Do You Remember The Day......

......You Got The Diagnosis?

 Was it a relief?  Thank goodness! I knew I was not imagining it!

 Was it a shock? No way! Not my child!


  I remember it like it was yesterday. It was like someone had finally listened to what I was saying, and more importantly, to what my son was saying. He was having a routine physical for school but there was nothing routine about it. The doctor was running several hours behind due to an emergency. I had always schedualed his appointments for a certin time of day when I knew we would not have a long wait because he would start to melt down after a while.
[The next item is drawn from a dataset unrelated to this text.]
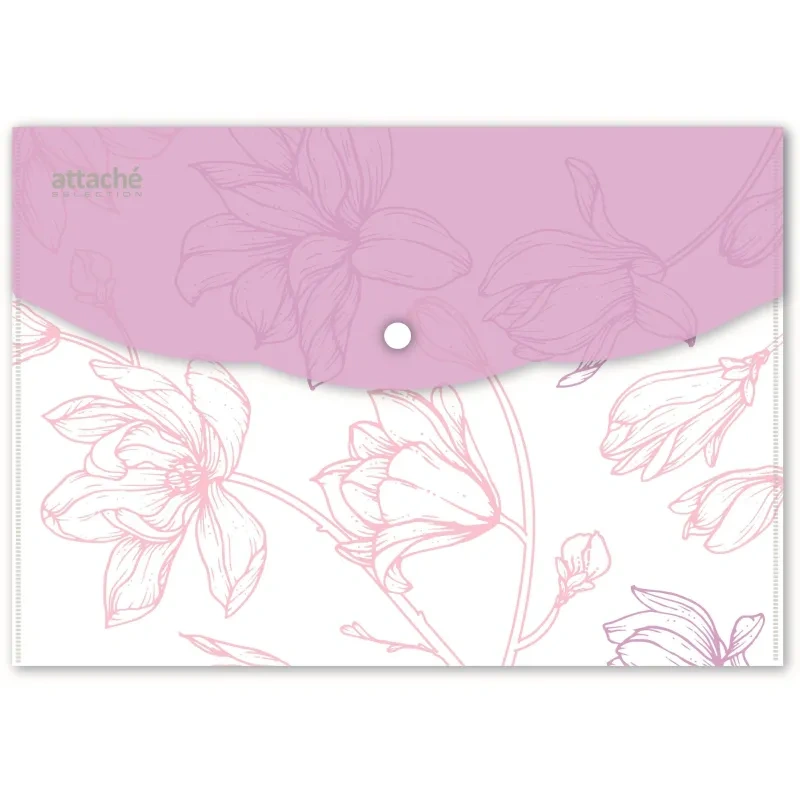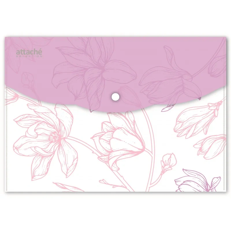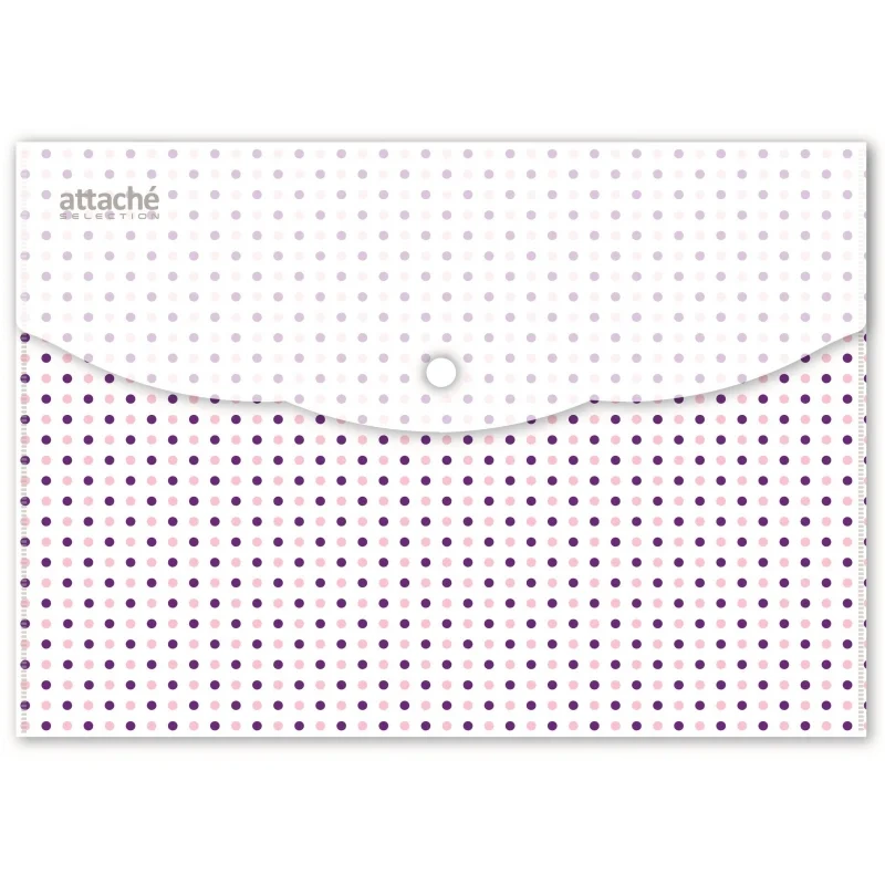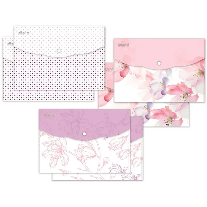 Папка-конверт на кнопке Attache Selection Dreams формата А5. Папка-уголок сделана из экологичного полипропилена. 3 оттенка в ассортименте. Плотность: 180 мкм. В упаковке 6 штук. Папка используется для хранения документов. Отгружается упаковкой, в упаковке будут изделия с дизайном, изображенным на фотографиях.

You say to yourself, well thats normal for any young child, but he was not a young child. He was about 11 at the time, he should have been able to sit there and entertain himself for a couple of hours, but he couldn't. By the time we finally got to see the doctor she got to see first hand what I had been trying to explain to her for months. He was agitated, he could not sit still, he couldn't concentrate long enough to answer simple questions he was being asked by the doctor, oh and don't forget the paranoia! He had been in a doctors office with sick people for hours so he was convinced he was dying of whatever else all the other kids had! At the time the bird flu was that latest disease on the news so he was FULL  of questions about that he even tried to convince her that he had it!!
 
  Well after his doctor finished the check up we were fixing to leave and I jokingly made a comment about him having ADHD and she looked at me like my head had just popped off my body and I was jumping around like a chicken. She asked us to come back in the office and starting going through his chart frantically. Thats when it happened, she looked at me strangly and said you mean no one has ever told you your son has ADHD?  What? Excuse me? ADHD No, no one has told me this before. She sat down on her little rolly stool and said WOW I just assumed since he has been in therapy for all this time they would have told you his diagnosis.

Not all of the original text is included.